You need to find the critical values of functon, hence, you need to solve the equation f'(x) = 0 such that:

`f'(x) = (x-5)^3 + 3(x-1)(x-5)^2`

You need to solve the equation f'(x) = 0 such that:

`(x-5)^3 + 3(x-1)(x-5)^2 = 0`

You need to factor out `(x-5)^2 ` such that:

`(x-5)^2(x - 5 + 3x - 3) =`  0

`(x-5)^2 = 0 =gt x_(1,2) = 5`

`4x - 8 = 0 =gt 4x = 8 =gt x_3 = 2`

a) You need to select the end values of interval [1,4] to evaluate if derivative is positive or negative at these values such that:

`x = 1 =gt f'(1) = (1-5)^2(4-8) = 16*(-4) = -64lt0`

`x=4 =gt f'(4) = (4-5)^2(16-8) = 1*8 =8gt0`

Hence, the function reaches its absolute minimum over interval [1,4] at x = 2.
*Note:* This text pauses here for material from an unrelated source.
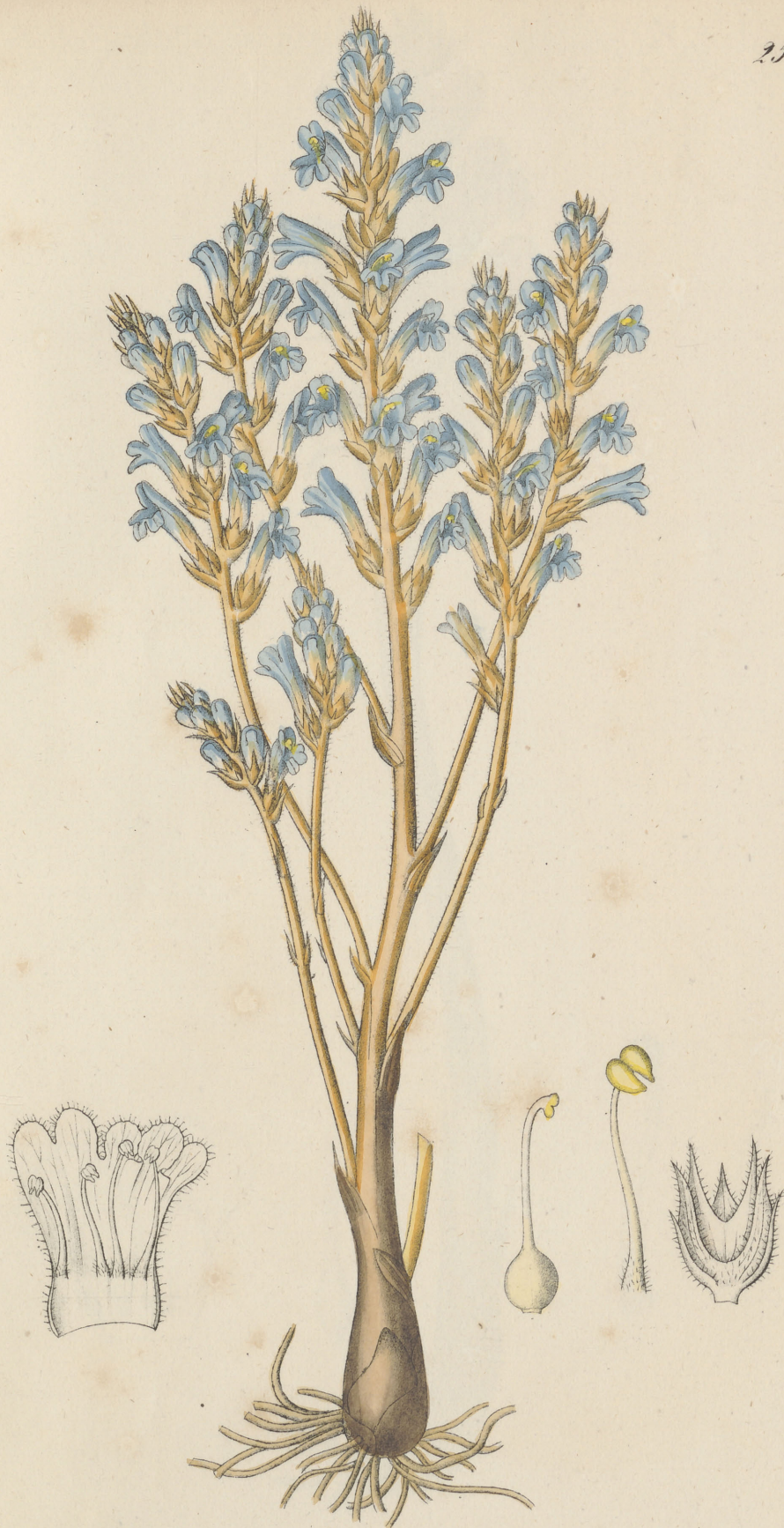
Orobanche ramosa Linné.

b) Notice from a) that the function decreases over [1,2] and it increases over [2,4], hence, you need to select the a value from interval [4,8] to evaluate if derivative is positive or negative such that:

`x =6 =gt f'(6) = (6-5)^2(24-8) = 1*(16) = 16gt0`

`x = 4.5 =gt f'(4.5) = (4.5-5)^2(18-8) gt 0`

Hence, the function reaches its absolute minimum at x = 2 and it has no absolute maximum over [1,8].

c) Notice that the function has no absolute maximum or minimum over [4,9].